The CDL dataset provides detailed spatial information for individual crop types, and high classification accuracies (>90%) for major crop types (e.g., winter wheat, soybean, and maize) were reported [15]. Numerous agriculture-related studies and land cover change studies have used the CDL dataset [36,37,38,39]. CropScape, which is a web-based data portal, provides interactive tools for people to download, visualize, and analyze the CDL data in a more effective and efficient way [40]. The annual total planted area of winter wheat in each county was calculated from CropScape. The national total areas in each year were then calculated as the total of annual planted crop areas over all the counties in the nation.

2.4. Gross Primary Production Estimates for Winter Wheat from the Vegetation Photosynthesis Model (GPP_VPM)

The VPM estimates the daily GPP from the amount of PAR absorbed by chlorophyll (APAR_chl) and the light use efficiency [41,42]. GPP derived from the eddy-covariance tower sites (GPP_EC) was used to assess daily GPP_VPM in different croplands, including winter wheat [43,44], soybean [45,46], paddy rice [47], maize [45,48], and sugarcane [49]. Strong temporal consistency between GPP_EC and GPP_VPM was reported in the aforementioned publications, with R² values ranging from 0.70 to 0.98. The driving data of the VPM include vegetation indices (land surface water index (LSWI) and EVI) and meteorological data (air temperature, shortwave radiation). The theory, model structure, and parameters of the VPM were documented in [30,31]. We followed the same procedure to run VPM simulations as reported in an earlier publication [30], which used different maximum light use efficiency (LUE₀) parameter values for C₃ and C₄ crops to improve GPP estimation in croplands, as follows:

GPP = APAR_chl × LUE

(1)

APAR_chl = FPAR_chl × PAR

(2)

LUE = LUE₀ × T_scalar × W_scalar

(3)

LUE₀ = LUE_0-C3 × FA_C3 + LUE_0-C4 × FA_C4

(4)

where FPARchl is the fraction of PAR absorbed by chlorophyll in the canopy; LUE₀ is the maximum light use efficiency without environmental stress; Tscalar and Wscalar are the temperature and water limitation scalars; FA_C3 and FA_C4 are the area fractions of C₃ and C₄ plants within each 500 m MODIS pixel (range of 0–1.0), LUE_0-C3 and LUE_0-C4 are the maximum LUE values for C3 and C4 plants, respectively.

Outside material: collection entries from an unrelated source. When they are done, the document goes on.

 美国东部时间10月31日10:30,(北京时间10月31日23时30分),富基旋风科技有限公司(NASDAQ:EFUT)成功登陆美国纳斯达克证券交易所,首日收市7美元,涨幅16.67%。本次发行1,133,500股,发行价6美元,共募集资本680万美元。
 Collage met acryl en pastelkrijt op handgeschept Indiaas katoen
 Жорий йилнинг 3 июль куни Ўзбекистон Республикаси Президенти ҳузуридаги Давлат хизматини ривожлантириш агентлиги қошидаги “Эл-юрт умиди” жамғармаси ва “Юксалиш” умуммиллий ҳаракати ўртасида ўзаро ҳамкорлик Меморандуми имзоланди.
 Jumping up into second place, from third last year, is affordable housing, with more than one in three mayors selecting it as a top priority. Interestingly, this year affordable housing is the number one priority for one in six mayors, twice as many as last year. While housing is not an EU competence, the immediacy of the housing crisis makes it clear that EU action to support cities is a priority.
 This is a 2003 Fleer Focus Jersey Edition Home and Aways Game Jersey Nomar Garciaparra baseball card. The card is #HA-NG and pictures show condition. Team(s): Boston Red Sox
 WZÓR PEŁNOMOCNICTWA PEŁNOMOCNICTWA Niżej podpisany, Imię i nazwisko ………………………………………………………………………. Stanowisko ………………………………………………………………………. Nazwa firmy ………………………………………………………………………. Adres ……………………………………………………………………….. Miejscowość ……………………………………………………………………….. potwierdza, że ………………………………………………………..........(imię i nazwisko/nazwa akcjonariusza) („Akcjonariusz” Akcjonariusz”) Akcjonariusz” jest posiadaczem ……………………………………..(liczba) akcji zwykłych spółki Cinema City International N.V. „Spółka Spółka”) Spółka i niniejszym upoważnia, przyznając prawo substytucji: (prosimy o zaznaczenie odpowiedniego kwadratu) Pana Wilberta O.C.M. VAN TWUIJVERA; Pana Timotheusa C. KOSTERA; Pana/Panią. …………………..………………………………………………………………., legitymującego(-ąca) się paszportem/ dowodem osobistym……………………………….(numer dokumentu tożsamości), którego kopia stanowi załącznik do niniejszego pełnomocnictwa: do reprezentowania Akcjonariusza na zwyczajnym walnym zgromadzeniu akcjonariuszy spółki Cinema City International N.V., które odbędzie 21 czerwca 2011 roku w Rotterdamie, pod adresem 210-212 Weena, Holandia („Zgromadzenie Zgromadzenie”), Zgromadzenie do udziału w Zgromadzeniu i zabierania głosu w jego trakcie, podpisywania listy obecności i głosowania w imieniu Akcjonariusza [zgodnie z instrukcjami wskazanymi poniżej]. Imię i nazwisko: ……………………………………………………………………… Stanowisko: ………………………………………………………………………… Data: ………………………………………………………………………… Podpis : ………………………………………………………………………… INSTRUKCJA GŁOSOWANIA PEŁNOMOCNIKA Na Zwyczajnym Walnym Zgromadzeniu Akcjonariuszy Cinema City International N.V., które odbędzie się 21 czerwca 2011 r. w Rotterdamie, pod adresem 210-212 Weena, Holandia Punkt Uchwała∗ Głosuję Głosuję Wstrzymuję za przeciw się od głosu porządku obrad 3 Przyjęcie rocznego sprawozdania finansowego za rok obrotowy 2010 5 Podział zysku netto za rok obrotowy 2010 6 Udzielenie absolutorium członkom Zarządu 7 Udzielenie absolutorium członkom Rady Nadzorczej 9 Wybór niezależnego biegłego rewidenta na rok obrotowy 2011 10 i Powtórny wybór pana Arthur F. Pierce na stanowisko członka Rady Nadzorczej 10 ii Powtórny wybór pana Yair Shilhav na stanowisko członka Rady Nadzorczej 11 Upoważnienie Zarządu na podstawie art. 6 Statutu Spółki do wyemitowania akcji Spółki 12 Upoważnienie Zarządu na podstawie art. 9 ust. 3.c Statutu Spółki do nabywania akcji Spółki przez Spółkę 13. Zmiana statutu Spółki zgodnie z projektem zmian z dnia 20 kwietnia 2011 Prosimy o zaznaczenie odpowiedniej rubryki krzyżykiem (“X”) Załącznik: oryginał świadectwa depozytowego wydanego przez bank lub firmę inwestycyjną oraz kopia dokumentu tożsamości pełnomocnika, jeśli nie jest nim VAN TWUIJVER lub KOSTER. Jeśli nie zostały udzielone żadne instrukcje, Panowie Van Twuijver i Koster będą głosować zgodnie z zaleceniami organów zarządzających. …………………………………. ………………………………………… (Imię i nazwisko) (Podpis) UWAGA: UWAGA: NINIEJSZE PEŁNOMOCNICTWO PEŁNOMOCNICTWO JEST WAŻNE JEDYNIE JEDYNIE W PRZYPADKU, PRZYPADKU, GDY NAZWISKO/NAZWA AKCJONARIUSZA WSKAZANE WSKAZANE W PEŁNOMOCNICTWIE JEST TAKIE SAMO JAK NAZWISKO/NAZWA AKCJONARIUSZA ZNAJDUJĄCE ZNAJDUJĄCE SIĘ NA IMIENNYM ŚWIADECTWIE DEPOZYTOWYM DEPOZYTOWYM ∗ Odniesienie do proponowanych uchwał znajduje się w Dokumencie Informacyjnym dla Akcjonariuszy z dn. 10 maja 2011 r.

The growing season total GPP of winter wheat at each pixel was calculated by summarizing daily GPP between the USDA planted and harvested dates. The mean GPP values in each county during the growing season were area weighted according to the area fraction of winter wheat in a county derived from the CDL datasets within 500 m pixels. More details about the VPM and GPP calculation can be found in [33]. The growing season total GPP of winter wheat in each county was calculated by the mean GPP multiplied by the total area of winter wheat within all pixels in the county (Figure 1f).

2.5. Statistical Analysis

To explore the interannual changes of winter wheat cropping areas and grain production from 2008–2018, we calculated the anomaly of each variable as the difference between the value in a specific year and the multi-year average from 2008–2018, and then normalized it by the multi-year average. We used linear regression models to quantify the relationships between grain production and cropping areas, and between GPP_VPM and grain production at national and county scales. The performance of models was assessed using the coefficient of determination (R²), bias, and root mean square error (RMSE) between the modeled grain production estimates and the NASS grain production statistics. The regression slope between grain production and GPP_VPM, representing the conversion coefficient from GPP_VPM to grain production, was also termed as the GPP-based harvest index (HI_GPP).

$$R^2={\left(\frac{{{\displaystyle \sum }}_{i=1}^n\left(G{P}_{sim}\left(i\right)-\overline{G{P}_{sim}}\right)\times \left(\left(G{P}_{NASS}\left(i\right)-\overline{G{P}_{NASS}}\right)\right)}{\sqrt{{{\displaystyle \sum }}_{i=1}^n{\left(G{P}_{sim}\left(i\right)-\overline{GP{P}_{sim}}\right)}^2}\sqrt{{{\displaystyle \sum }}_{i=1}^n{\left(G{P}_{NASS}\left(i\right)-\overline{GP{P}_{NASS}}\right)}^2}}\right)}^2$$

(5)

$$RMSE=\sqrt{{{\displaystyle \sum }}_{i=1}^n{\left(G{P}_{sim}\left(i\right)-G{P}_{NASS}\left(i\right)\right)}^2/n}$$

(6)

$$bias=G{P}_{sim}-G{P}_{NASS}$$

(7)

where GP_sim is the simulated grain production at a county scale based on linear models, $\overline{G{P}_{sim}}$ is the mean GP_sim across counties in the CONUS, i is the county number, and n is the total number of counties. As there are missing NASS statistics data for some counties over the years, we only kept those counties with continuous data from 2008–2018. The total number is 795. GP_NASS is the NASS grain production, $\overline{G{P}_{NASS}}$ is the mean GP_NASS across counties in the CONUS.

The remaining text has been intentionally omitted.